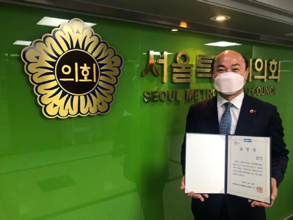 [한국연예축제일보, 변현식기자] 서울특별시의회 교육위원회 황인구 의원이 더불어민주당 서울특별시당에서 진행한 2021년 서울시장 보궐선거 대비 서울시의원 정책공모에서 서울특별시당 위원장 2급 포상을 수상했다고 29일 밝혔다.
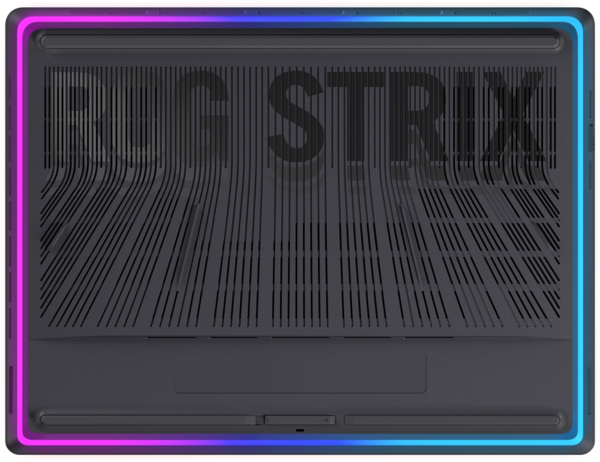 Ноутбук 2025 ROG Strix G16 оснащений RGB-підсвічуванням, що обрамляє усю нижню панель корпусу, створюючи яскраве світіння на столі. Це підсвічування може синхронізуватися з іншими периферійними пристроями ROG.
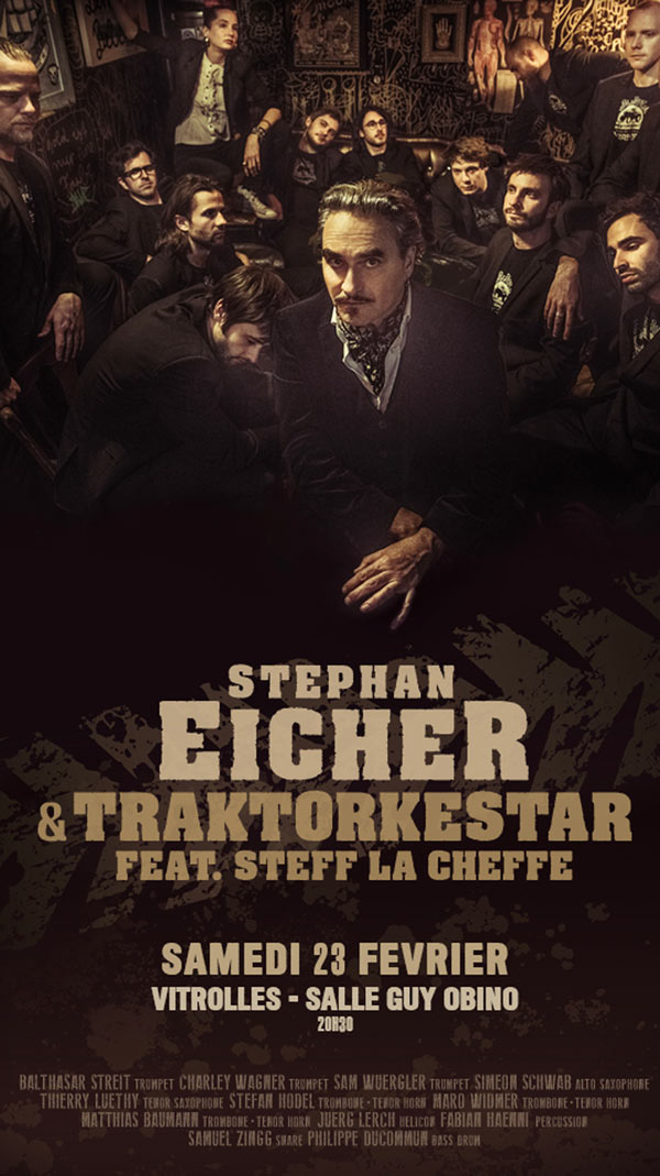 Stephan Eicher, Traktorkestar et l'incontournable Steff la Cheffe seront à Vitrolles à la salle Obino le 25 janvier 2019 pour un concert qui s'annonce déjà comme un moment unique, magique à partager sans compter.
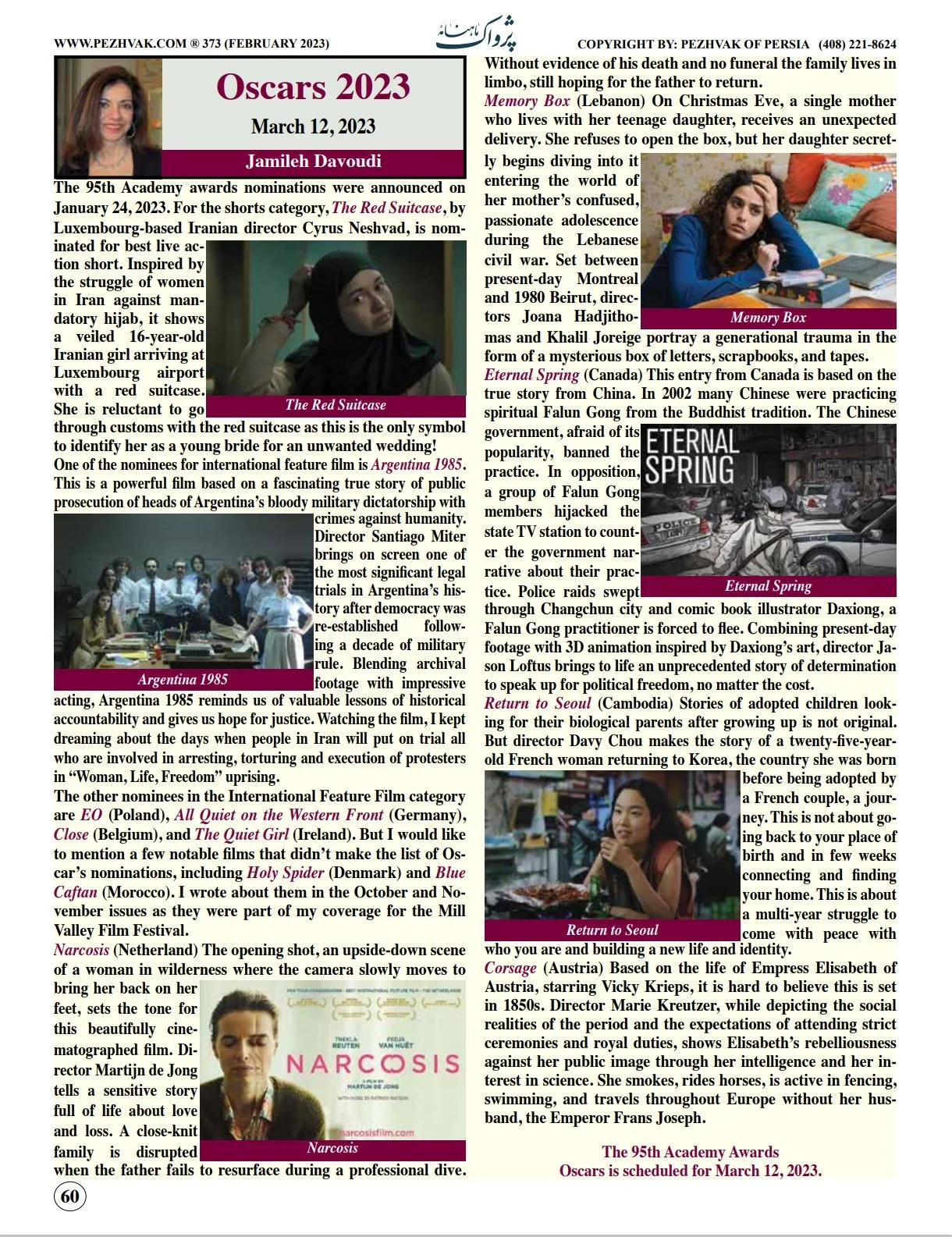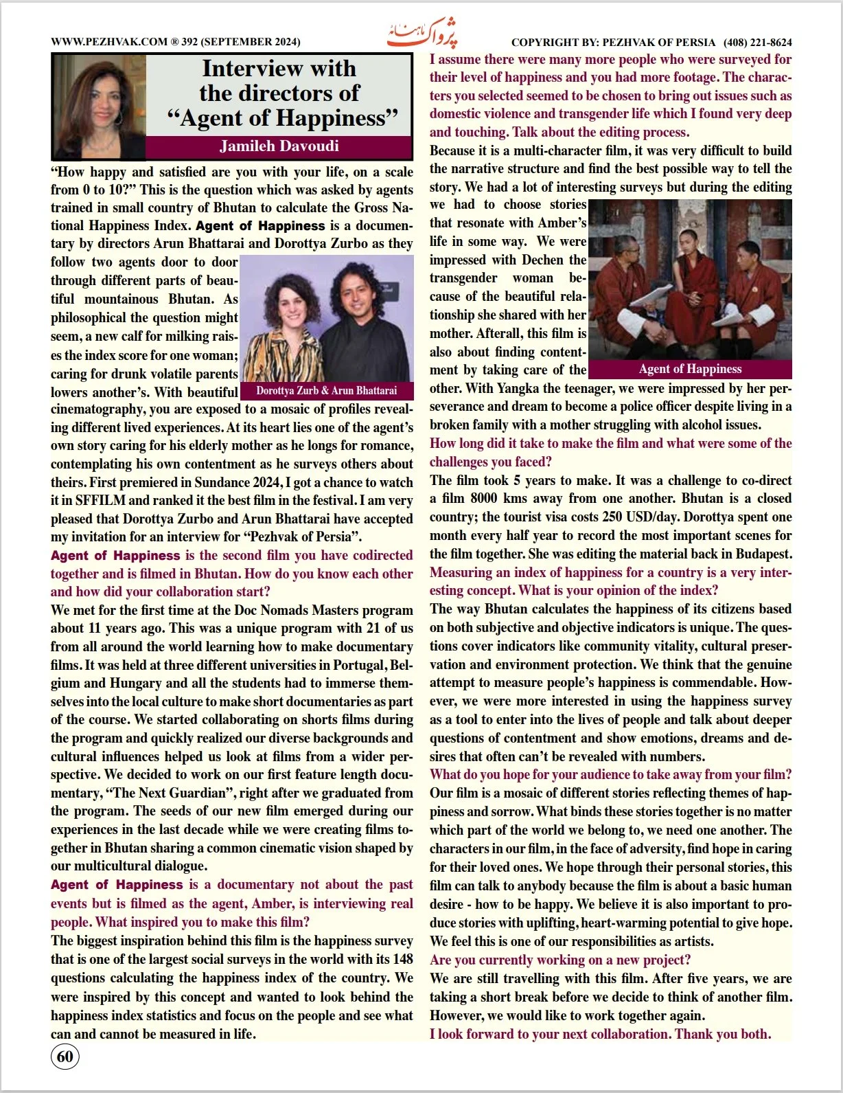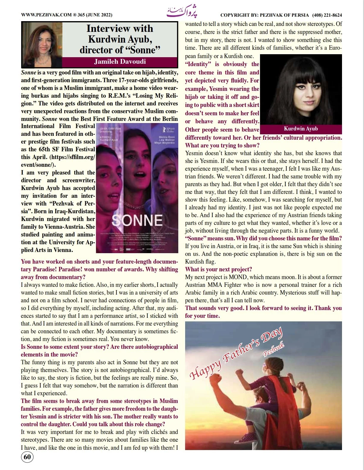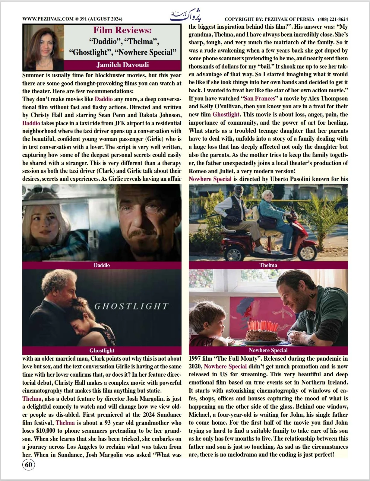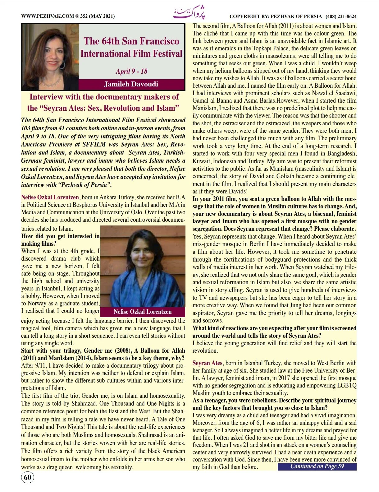 Film Articles… Interviews Interview with Mojgan Ilanlou director of “One Thousand Women” Interview with the director and star of “Me, Maryam, the Children and 26 Others” Interview with Sarra Tsorakidis, director of “Ink Wash” at SFFILM Festival Interview with the directors of “Agent of Happiness” Interview with Kaveh Tehrani director of “Listen Up!” Interview with Azadeh Navai director of “Rizoo” Interview with Kaouther Ben Hania director of “Four Daughters” Interview with Alireza Khatami director of “Terrestrial Verses” Interview with Noor Niasari director of “Shayda” Interview with Jeanne Waltz director of “Fortunate Ones” Interview with Anna Fahr director of “Valley of Exile” Interview with Vadim Perelman director of “Persian Lessons” Interview with Bani Khoshnoudi director of “Transit” Interview with the Iranian Man who Inspired the Film “The Terminal” Interview with Faran Moradi director of “Tehranto” Interview with Gayatri Kumar director of “Coffined at 15” Interview with Kurdwin Ayub director of “Sonne” Interview with Farbod Ardebili director of “Forbidden to See Us Scream in Tehran” Interviews with documentary makers of “Seyran Ates: Sex, Revolution and Islam” Interview with Sahraa Karimi director of “Hava, Maryam, Ayesha” Interview with Iranian-American Actor Sheila Vand Interview with Hossein Amini director of “Two Faces of January” Reviews The 48th Mill Valley Film Festival Growing Trend of Observational Documentaries The 68th SF Film Festival Cinejoy 2025 Cinequest 2025 Spotlight on Three Iranian Women Filmmakers Three Acclaimed Films by Iranian Directors in 2024 The 47th Mill Valley Film Festival Recap The 47th Mill Valley Film Festival Film Reviews: Daddio, Thelma. Ghostlight, Nowhere Special The 67th SF Film Festival CINEJOY 2024 Cinequest 2024 The 46th Mill Valley Film Festival Cinequest 2023 Film Review “Ballad of a White Cow” The 66th SF Film Festival Recap The 66th SF Film Festival The Oscars 2023 Sundance 2023 The 45th Mill Valley Film Festival Recap The 45th Mill Valley Film Festival Cinequest 2022 The 65th SF Film Festival + Interview with Sally Rubin director of “Mama Has a Mustache” The 44th Mill Valley Film Festival Recap The 44th Mill Valley Film Festival The 64th SF Film Festival The 42nd Mill Valley Film Festival The 62nd SF Film Festival Recap The 62nd SF Film Festival The 61st SF Film Festival The 60th SF Film Festival Recap The 60th SF Film Festival The 59th SF Film Festival Recap The 59th SF Film Festival The 58th SF Film Festival Recap The 58th SF Film Festival The 57th SF Film Festival Recap The 57th SF Film Festival

## [EXERCISE DETAILS]
Repeat each line of the listing word for word, from the first through the line that contains "Ноутбук 2025 ROG". Any picture stays out.

## [EXERCISE ANSWER]
 [한국연예축제일보, 변현식기자] 서울특별시의회 교육위원회 황인구 의원이 더불어민주당 서울특별시당에서 진행한 2021년 서울시장 보궐선거 대비 서울시의원 정책공모에서 서울특별시당 위원장 2급 포상을 수상했다고 29일 밝혔다.
 Ноутбук 2025 ROG Strix G16 оснащений RGB-підсвічуванням, що обрамляє усю нижню панель корпусу, створюючи яскраве світіння на столі. Це підсвічування може синхронізуватися з іншими периферійними пристроями ROG.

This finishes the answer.